Exercise brief: Copy exactly the lines of the data below, beginning with the line with "程序必须把%rbp的值保存在" and ending with the line with "6月4日,在湖南省昆剧团练功". Pictures are to be omitted.

Supplied records Start Marker

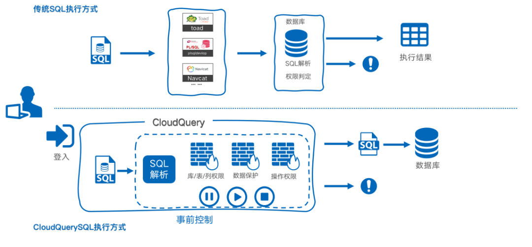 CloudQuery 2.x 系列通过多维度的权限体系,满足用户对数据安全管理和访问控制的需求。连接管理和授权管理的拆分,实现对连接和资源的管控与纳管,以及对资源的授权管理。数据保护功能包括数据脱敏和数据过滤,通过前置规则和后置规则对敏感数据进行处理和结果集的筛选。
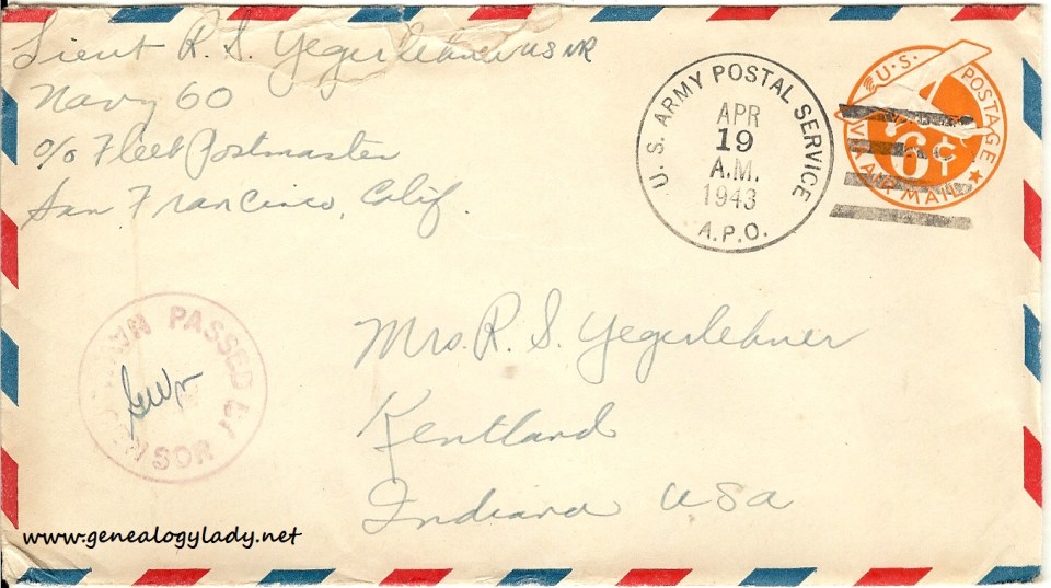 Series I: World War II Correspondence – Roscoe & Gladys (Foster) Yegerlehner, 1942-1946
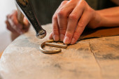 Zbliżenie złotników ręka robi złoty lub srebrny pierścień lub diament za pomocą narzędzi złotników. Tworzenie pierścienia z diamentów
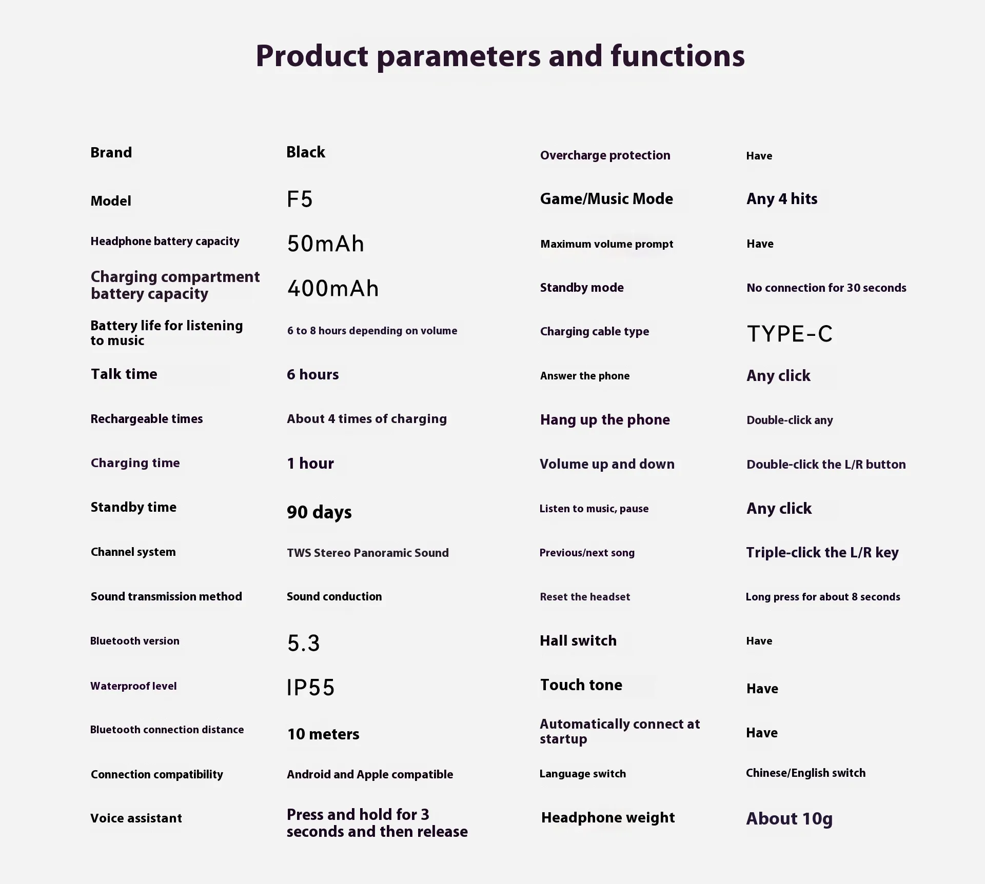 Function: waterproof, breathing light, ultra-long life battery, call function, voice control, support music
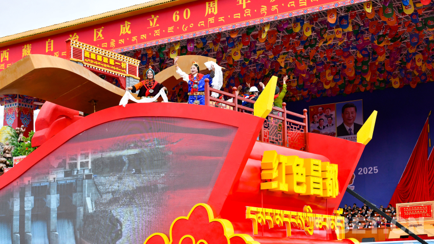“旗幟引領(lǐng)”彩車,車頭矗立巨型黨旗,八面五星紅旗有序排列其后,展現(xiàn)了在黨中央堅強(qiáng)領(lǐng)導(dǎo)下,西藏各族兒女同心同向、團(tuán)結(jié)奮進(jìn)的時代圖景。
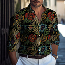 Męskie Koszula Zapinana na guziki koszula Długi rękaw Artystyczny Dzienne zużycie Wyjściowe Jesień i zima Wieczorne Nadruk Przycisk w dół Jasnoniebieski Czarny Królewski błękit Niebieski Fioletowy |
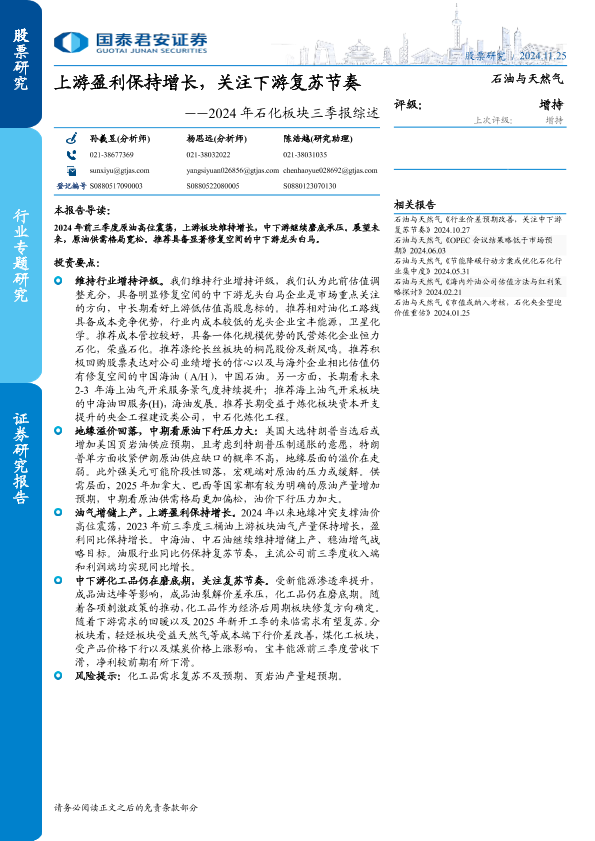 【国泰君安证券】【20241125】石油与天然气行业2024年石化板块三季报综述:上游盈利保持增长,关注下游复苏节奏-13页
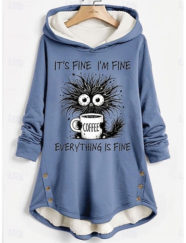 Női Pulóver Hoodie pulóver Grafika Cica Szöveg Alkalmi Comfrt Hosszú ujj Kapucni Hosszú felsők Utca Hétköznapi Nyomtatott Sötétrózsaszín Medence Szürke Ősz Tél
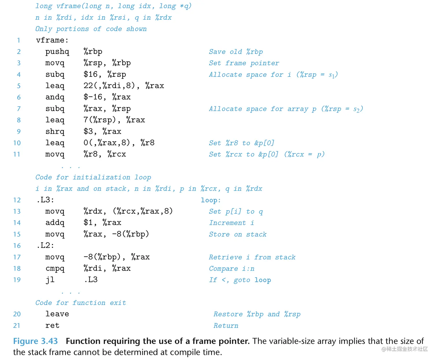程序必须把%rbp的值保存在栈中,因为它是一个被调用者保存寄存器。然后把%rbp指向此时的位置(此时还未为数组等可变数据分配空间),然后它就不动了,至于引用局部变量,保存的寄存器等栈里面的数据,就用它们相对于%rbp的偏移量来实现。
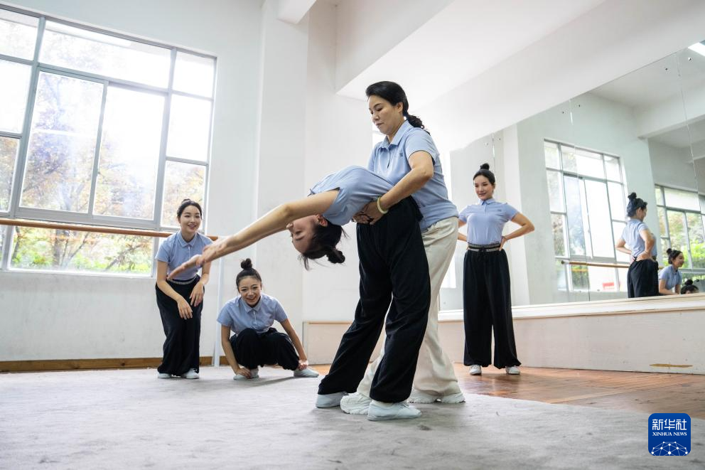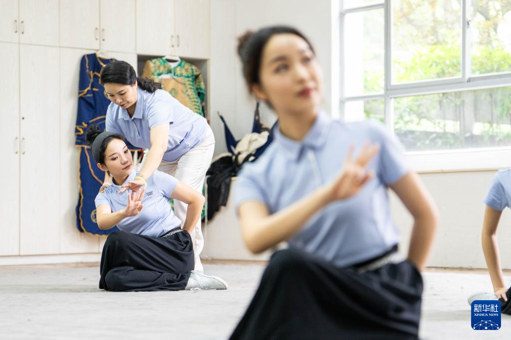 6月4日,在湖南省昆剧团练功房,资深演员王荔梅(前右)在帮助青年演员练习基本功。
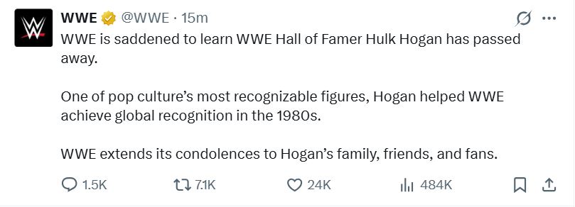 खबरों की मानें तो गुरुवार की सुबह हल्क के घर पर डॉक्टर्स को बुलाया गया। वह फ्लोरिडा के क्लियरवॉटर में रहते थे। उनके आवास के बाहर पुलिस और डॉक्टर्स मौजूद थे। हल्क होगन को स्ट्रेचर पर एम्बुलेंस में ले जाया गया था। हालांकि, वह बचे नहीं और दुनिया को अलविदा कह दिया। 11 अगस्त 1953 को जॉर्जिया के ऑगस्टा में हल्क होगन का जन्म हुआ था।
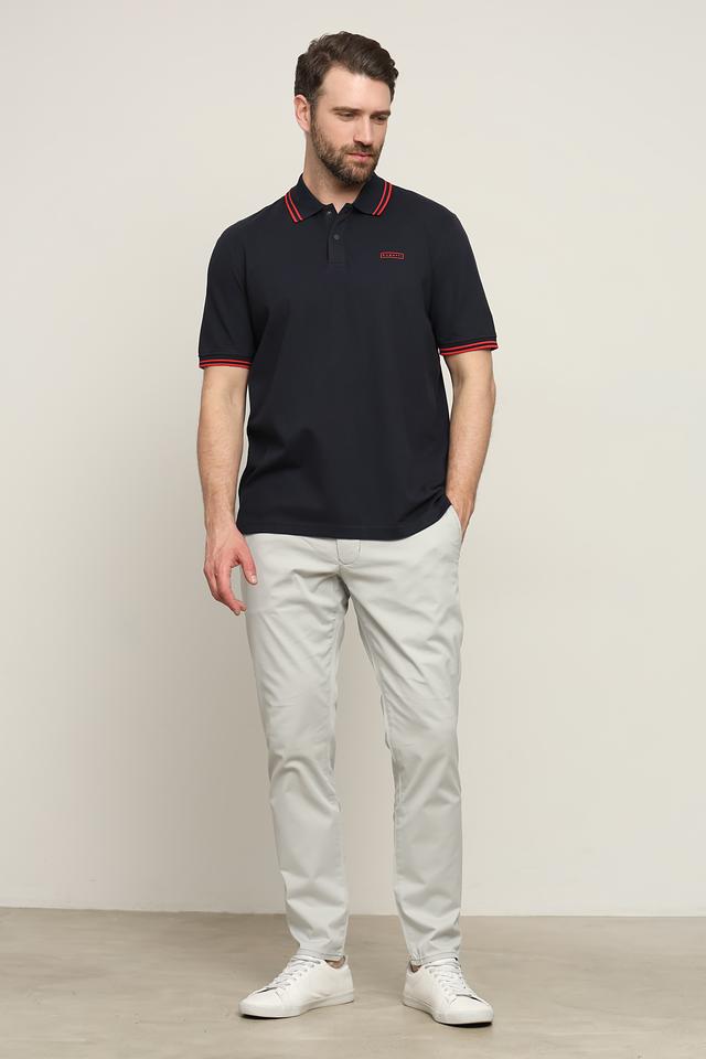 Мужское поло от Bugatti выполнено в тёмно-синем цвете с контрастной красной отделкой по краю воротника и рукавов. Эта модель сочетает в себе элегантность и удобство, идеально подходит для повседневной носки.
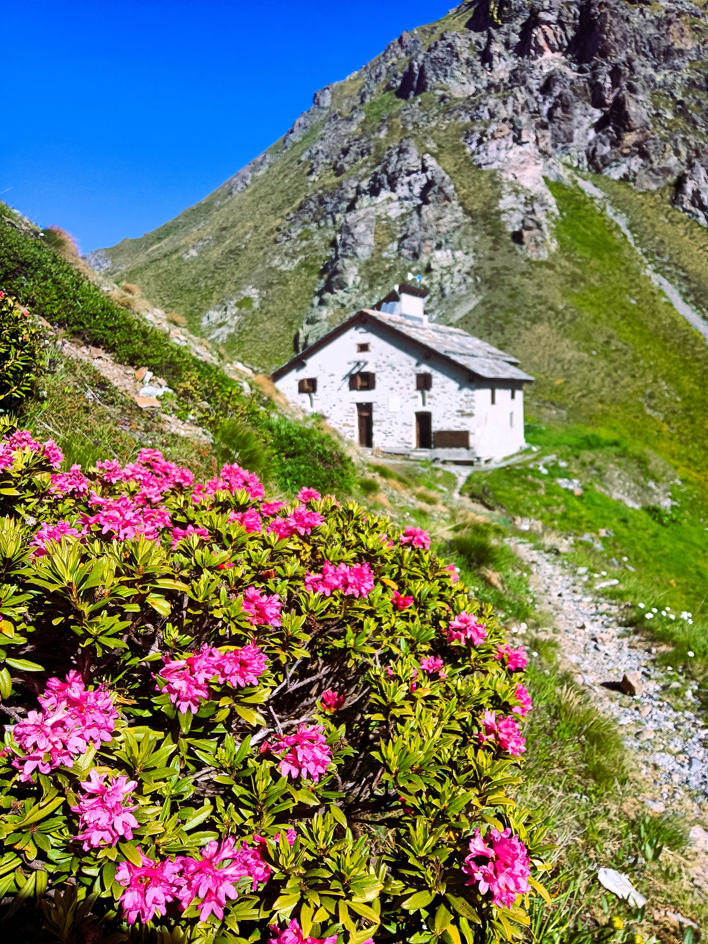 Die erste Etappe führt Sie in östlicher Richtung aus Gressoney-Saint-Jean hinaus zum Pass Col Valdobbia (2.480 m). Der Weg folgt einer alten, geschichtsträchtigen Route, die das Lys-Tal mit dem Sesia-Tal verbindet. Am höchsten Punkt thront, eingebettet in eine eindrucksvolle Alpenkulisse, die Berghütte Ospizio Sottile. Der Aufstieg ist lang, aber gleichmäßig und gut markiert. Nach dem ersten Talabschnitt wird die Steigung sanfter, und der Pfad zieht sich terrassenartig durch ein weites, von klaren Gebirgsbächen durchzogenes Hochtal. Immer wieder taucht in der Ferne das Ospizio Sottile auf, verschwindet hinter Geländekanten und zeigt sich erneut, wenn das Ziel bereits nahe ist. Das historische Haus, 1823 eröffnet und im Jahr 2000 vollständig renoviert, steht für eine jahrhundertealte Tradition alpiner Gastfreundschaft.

Supplied records End Marker

Worked solution:
程序必须把%rbp的值保存在栈中,因为它是一个被调用者保存寄存器。然后把%rbp指向此时的位置(此时还未为数组等可变数据分配空间),然后它就不动了,至于引用局部变量,保存的寄存器等栈里面的数据,就用它们相对于%rbp的偏移量来实现。
 6月4日,在湖南省昆剧团练功房,资深演员王荔梅(前右)在帮助青年演员练习基本功。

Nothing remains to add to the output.